I HAD NO desire to return my gold to that safe. If I can’t get to it then what’s the point of owning jewellery! If I can’t do the back-and-forward then jewels and chains won’t get worn. They’re staying on my wrist and neck permanent. I said so with some purse-banging words. You warned me about sinks and the toilet. I’d dealt with sinks and toilets all my life and wasn’t about to start losing jewels down them now. I sat in my chair for The Bold and the Beautiful but my eyes admired my wrist and my neck. I watched shine from my jewellery not the television.
How could I be so sunny if bereaved? You said that and left it there. You didn’t nag. You didn’t say, ‘Cry more’ or ‘Grieve harder—your husband just died,’ though you wanted to. ‘Do not act as if death has given me, his wife, a promotion.’ That’s what you thought. In my chair as if I now was head of business, free to show my jewels and overturn Twinkle’s meddling. If I want the keys to the balcony I will get them, I declared. If I want my chequebook I will have it. I am boss of me. You’re not. I have the purse strings. I’m a well-heeled woman, aren’t I? I have not done the sums for a…for a while. I won’t be told what to do or feel.

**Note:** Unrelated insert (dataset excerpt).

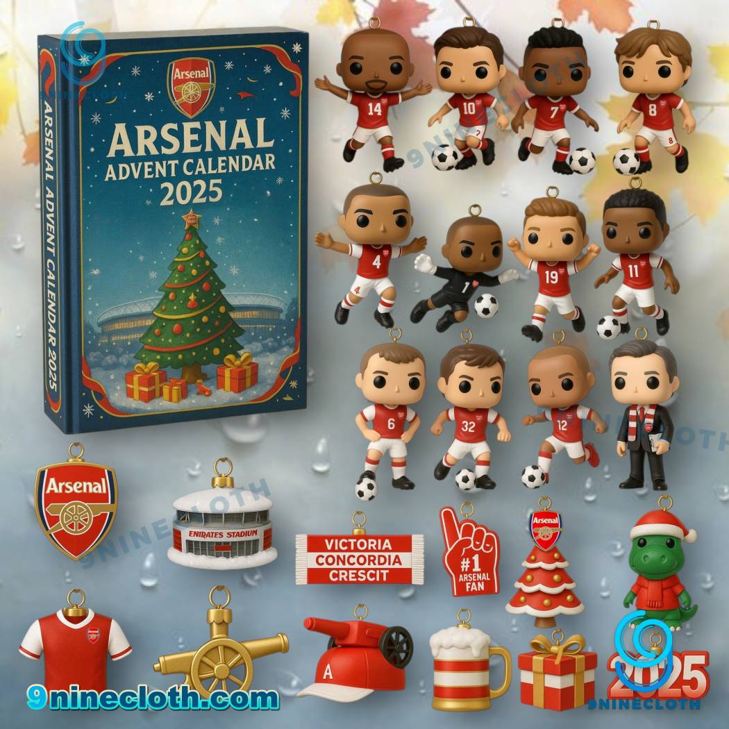 Keywords: Arsenal, Advent Calendar, 2025, Gunners, Football, Soccer, Christmas, Holiday, Gift, Ornament, Handmade, Emirates Stadium, Collectible, Fan Merchandise, 9ninecloth, Arsenal FC, Premier League, Festive, Holiday Season, Mini Ornaments

Open the balcony, I said. Open it. I’ll do it myself. I’ll work the back-and-forward. No, you do it. Go on, I said, do it. The key. I wanted my chequebook too. Do the back-and-forward. Now, I said. Now.
You did. You opened the balcony. I sat on the banana seat. I put my legs up and stretched. I got cold from the shade and the oaf blowing. I went back inside for the television.
Did you wish me dead instead of Twinkle? Of course you did. I asked you. I was glad I asked. I could tell your No was Yes. There wasn’t frowning in your No. There wasn’t kneeling to promise No, No. I was filling with watching you. Far from filled enough to empty out.
‘I wish, I wish…you dead not my Twinkle. Him here. Not you.’ I said it for the cruelty. We were even now. Your No-Yes—I was even. I nodded my win. I snubbed you for the television. I slept and dreamt I married the parson. I told you later. You said you wish I had too. I might have been a—
You did not finish saying. Then you did say. You said you might have been a normal man, not you. Parson parts in you to balance the me.
You went to your room and wailed. I heard. I cupped my hands and caught my teardrop. I went to show you. Look. You said it was dribble. I said no, a tear just like yours. There were more in my lap. You wailed, ‘It’s just dribbling!’
Twinkle and you schemed and sniped. Him saying I’d lost my wiring. I still had wiring. Him dead and still sniping from his blood in you. So said my wiring. I said tears and you said dribble. I’ve got the purse strings, I boasted. I’ve got plans. Plenty of fish in the oaf-sea. I think I’ll marry again soon. I’m going to get new furniture. I’ll tell my new man—make me happy or else, and don’t dare touch my purse strings.